Cet esprit provocateur n'était pas un événement isolé mais un thème récurrent dans son œuvre. La controverse s'est poursuivie avec la présentation du Satyre en 1906, une œuvre qui a une fois de plus testé les limites de l'art public acceptable. Pourtant, sous la surface de ces titres scandaleux se cachait un engagement profond envers le mouvement naturaliste. Fillol cherchait à utiliser son talent artistique pour dépeindre de manière critique et objective les luttes et les coutumes du peuple valencien, garantissant que les voix marginalisées de sa communauté trouvent une place permanente, bien que débattue, dans les annales de l'art espagnol.

L'héritage d'un réformateur et d'un éducateur

Au-delà de la toile, Fillol Granell fut un pilier de la communauté artistique valencienne, contribuant de manière significative au développement institutionnel de l'art dans sa patrie. Ses voyages, soutenus par une bourse du Conseil Provincial en 1903, lui ont permis d'étudier les grands maîtres de France et d'Italie, enrichissant sa palette technique d'influences internationales.
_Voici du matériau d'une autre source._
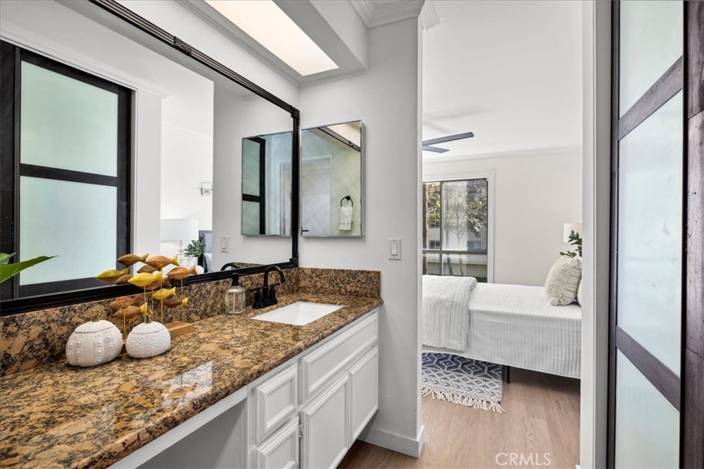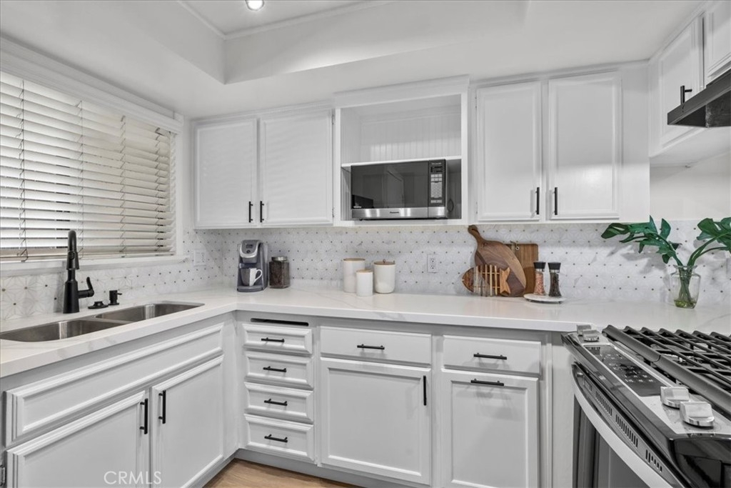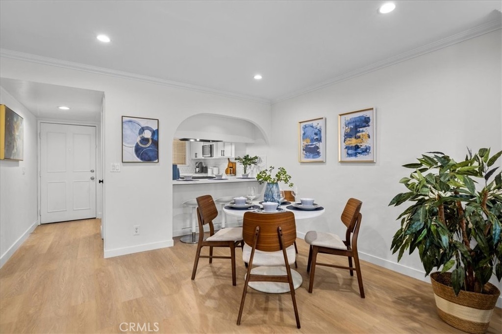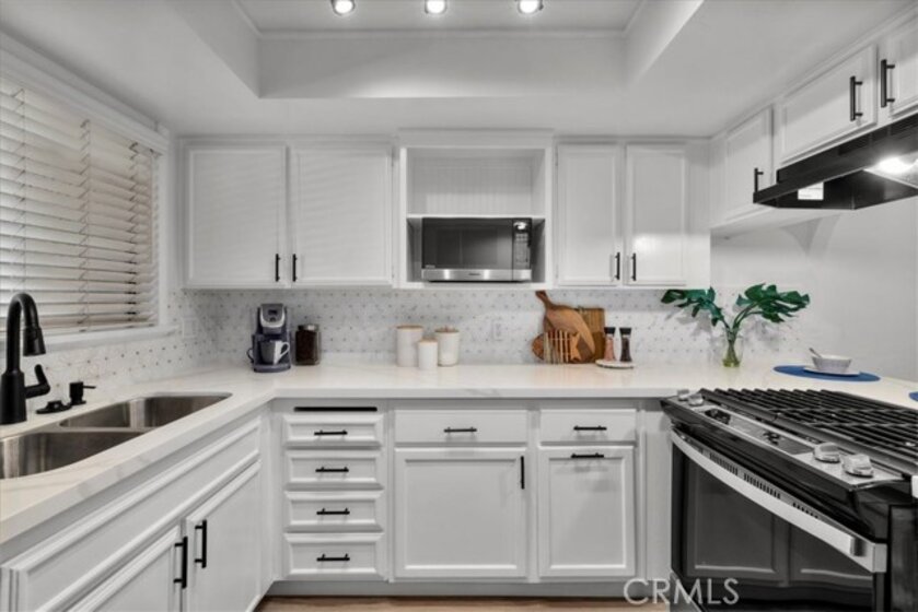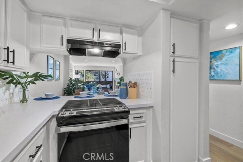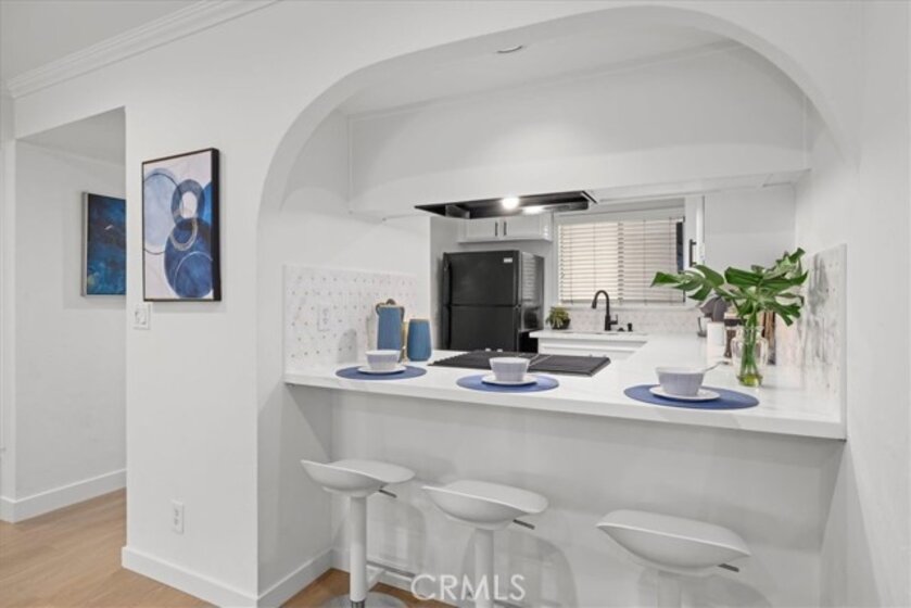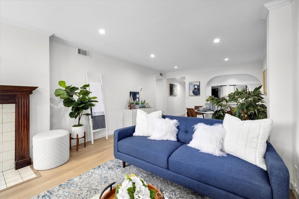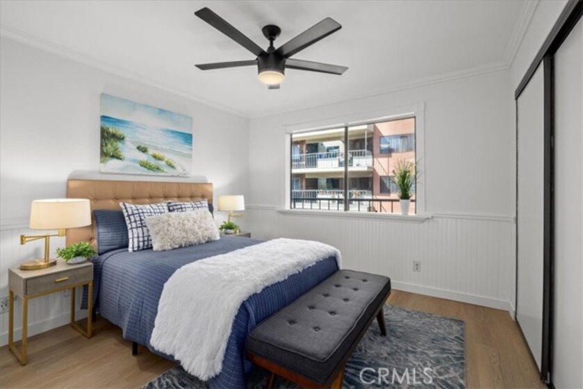 Full of style, natural light and an abundance of new upgrades, this turnkey condo is close to everything that people love in Long Beach. An open living area provides ample room for enjoyable entertaining by a fireplace, on a sunny south-facing balcony or in the dining area. In the kitchen, today’s most enticing amenities are led by new stainless steel appliances, quartz countertops, a full designer-tile backsplash, white cabinetry including a pantry, and a pass-through breakfast bar distinguished by a romantic archway. New wood-look luxury vinyl plank flooring graces the entire single-level residence, which extends approximately 961 square feet and hosts two bedrooms and two baths. Bedrooms are separated for maximum privacy, with the primary suite offering direct access to the balcony, a large window, two closets and a sit-down vanity with granite countertop. Further appointments include a side-by-side washer and dryer, crown molding, wainscoting in the secondary bedroom, smooth ceilings with recessed lighting, ceiling fans, central heating and air-conditioning, and subterranean parking. The atrium-style Chestnut Court building features elevator access to all floors and a central patio with BBQs. Residents enjoy an outstanding location in the vibrant, historically designated Drake Park/Willmore City District near Long Beach’s treasured East Village Art District, Pine Street, Willmore Heritage Gardens, Long Beach Aquarium, bike paths, miles of beaches, Blue Line rail service, fabulous restaurants, trend-setting shops, and easy access to the 710 Freeway and Vincent Thomas Bridge.

À son retour, il s'est consacré à la génération suivante d'artistes, occupant le poste de professeur à San Carlos, où il a défendu de nombreuses réments éducatifs qui ont modernisé le programme.

Son leadership s'est étendu au cœur administratif de la scène artistique locale, en servant de président du Círculo de Bellas Artes de Valencia. En cette qualité, il a travaillé aux côtés de luminaires tels que Joaquín Sorolla et a aidé à établir l'Exposition Régionale des Beaux-Arts en 1908, apportant une aide vitale aux artistes locaux et favorisant un environnement structuré pour la croissance créative. Même en tant que critique d'art pour le journal de Blasco Ibáñez, El Radical Diario Republicano, il est resté un défenseur vocal de l'intégrité artistique et de la pertinence sociale. Lorsqu'il s'est éteint à Castellnovo à l'âge de soixante ans, il a laissé derrière lui un héritage qui portait autant sur son courage face à la censure que sur sa maîtrise du style réaliste social.